DIGITAL LIBRARY
ADAPTING TO HIGHER EDUCATION-ACADEMIC, SOCIAL, AND PERSONAL EXPECTATION OF EDUCATIONAL SCIENCES STUDENTS FOR UNIVERSITY TEACHERS
Tallinn University (ESTONIA)
About this paper:
Appears in: EDULEARN19 Proceedings
Publication year: 2019
Pages: 1603-1611
ISBN: 978-84-09-12031-4
ISSN: 2340-1117
doi: 10.21125/edulearn.2019.0471
Conference name: 11th International Conference on Education and New Learning Technologies
Dates: 1-3 July, 2019
Location: Palma, Spain
Abstract:
Managing the profound change from elite to mass education at the university level has posed significant challenges to teachers and educational institutions because of the diverse needs, aspirations, expectations, and preferences of students in the teaching and learning process (Smith & Wertlieb, 2005; Alauddin, Ashman, Nghiem, & Lovell, 2017).
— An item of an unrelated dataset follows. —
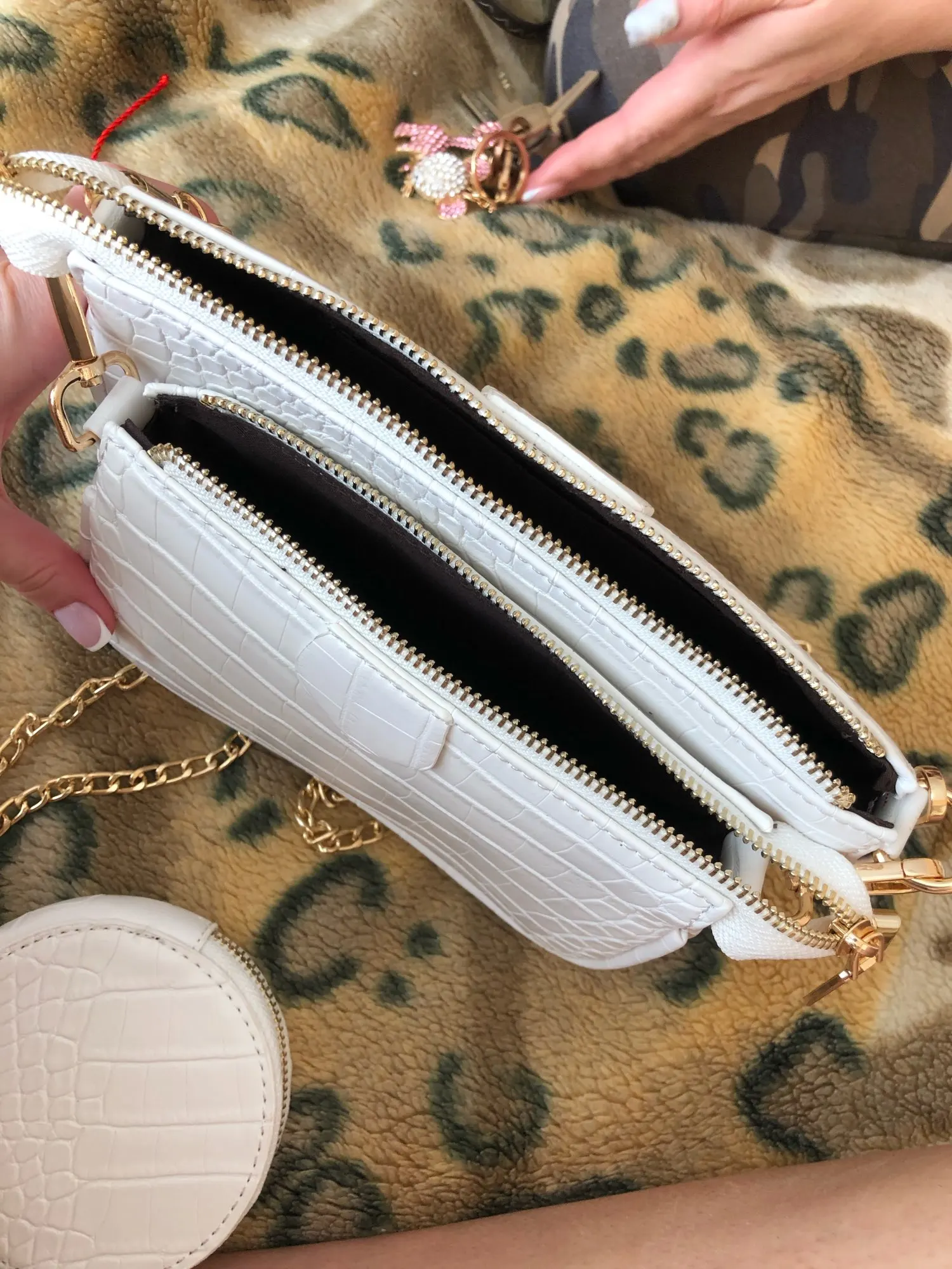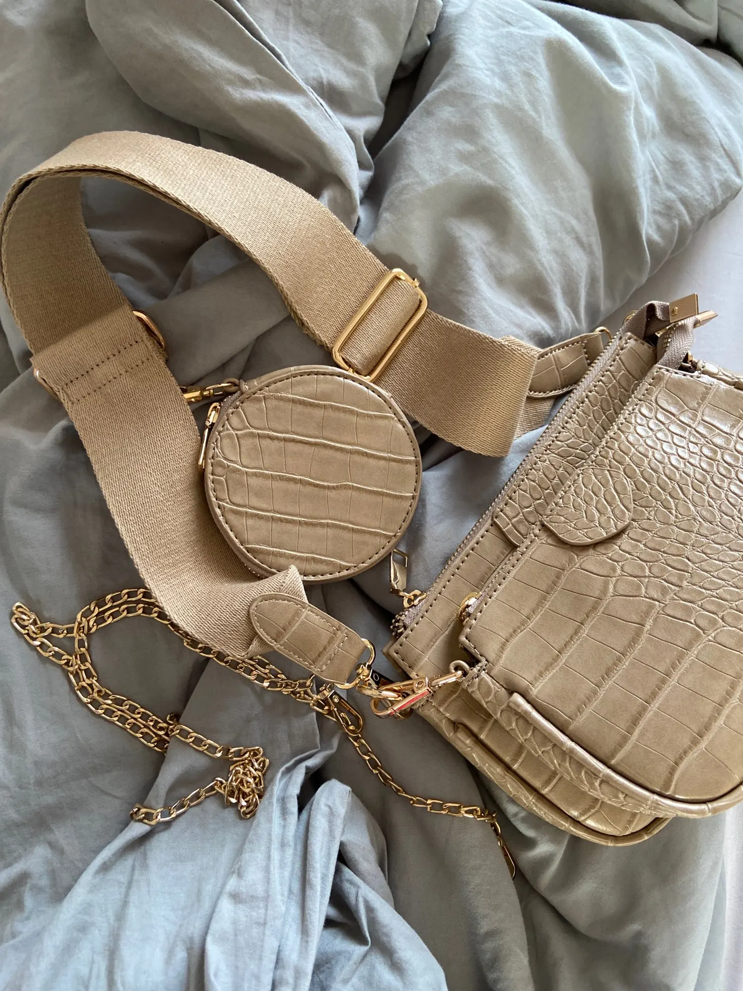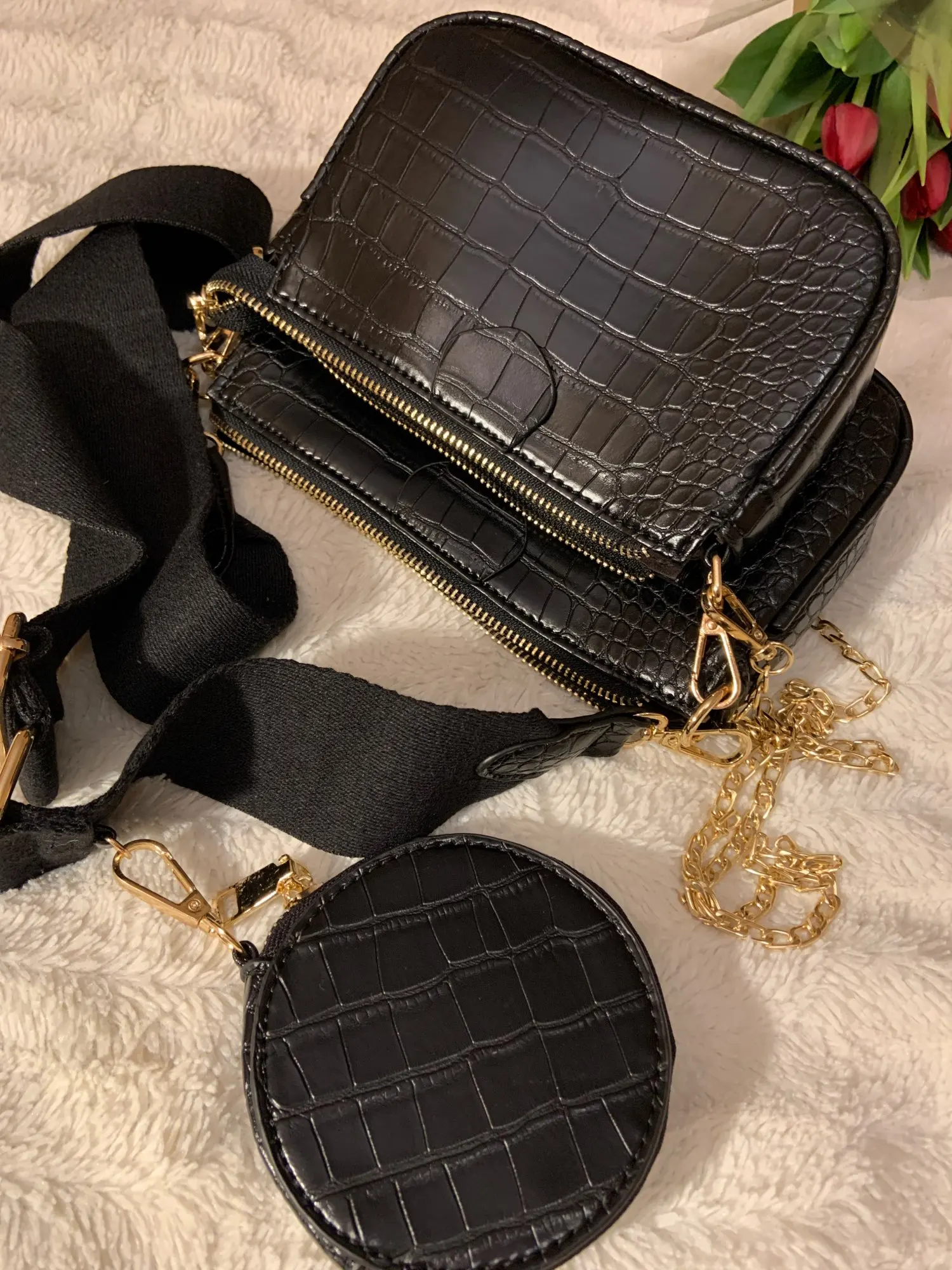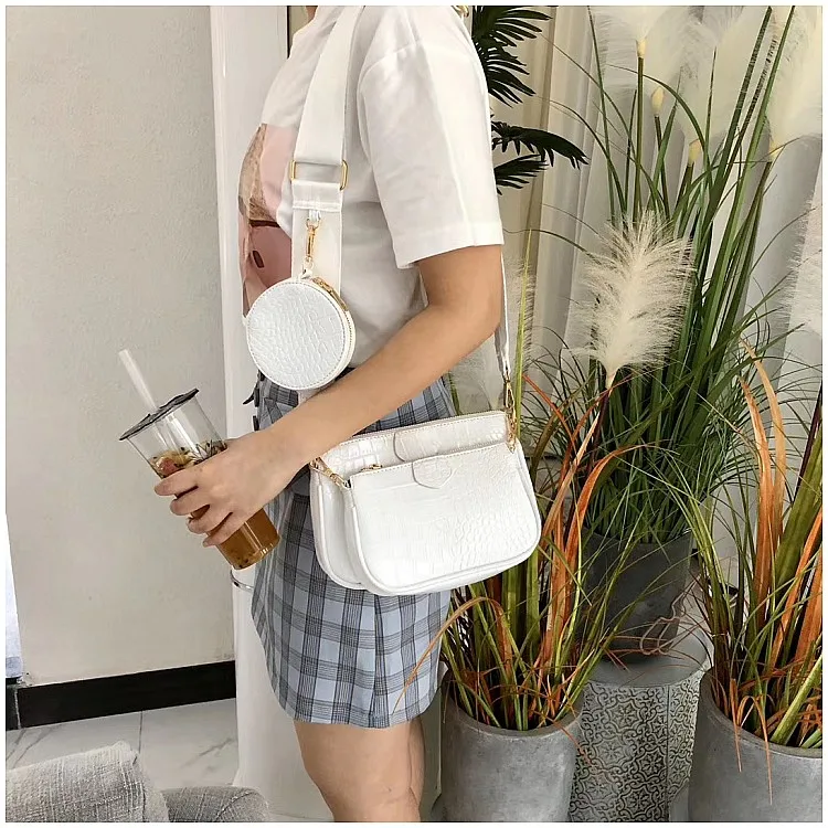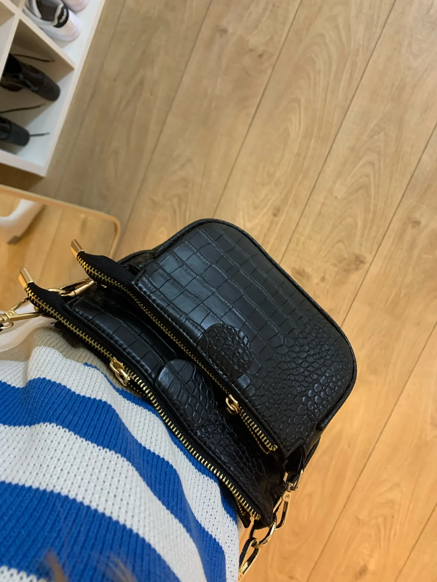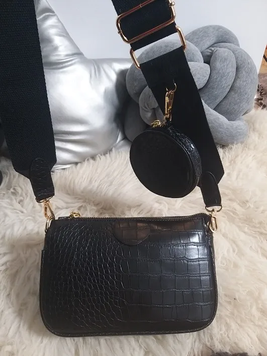 Женская сумка через плечо, с принтом под крокодиловую кожу, с широким ремешком

Even more students expectation and perceptions of service quality in higher education change over time and depend on culture (languge backround), gender, age, university type, mode of study (Boulding et al.,1993; Sander et al., 2000; Alauddin et al., 2017). For students the first transition year is a crucial, because freshmen are often ill-prepared for the change from one educational level to other (Brinkworth, McCann, Matthews, & Nordström, 2009).

The aim of this paper is to gain deeper understanding of first year students` expectations for university teachers and to identify differences between part-time vs full-time (school leavers vs matured age) first year students. A convenience sample consisted of first year students of educational sciences (n=170) in the beginning of their studies. To identify the meaningful units emerging from the data the thematic analysis was used.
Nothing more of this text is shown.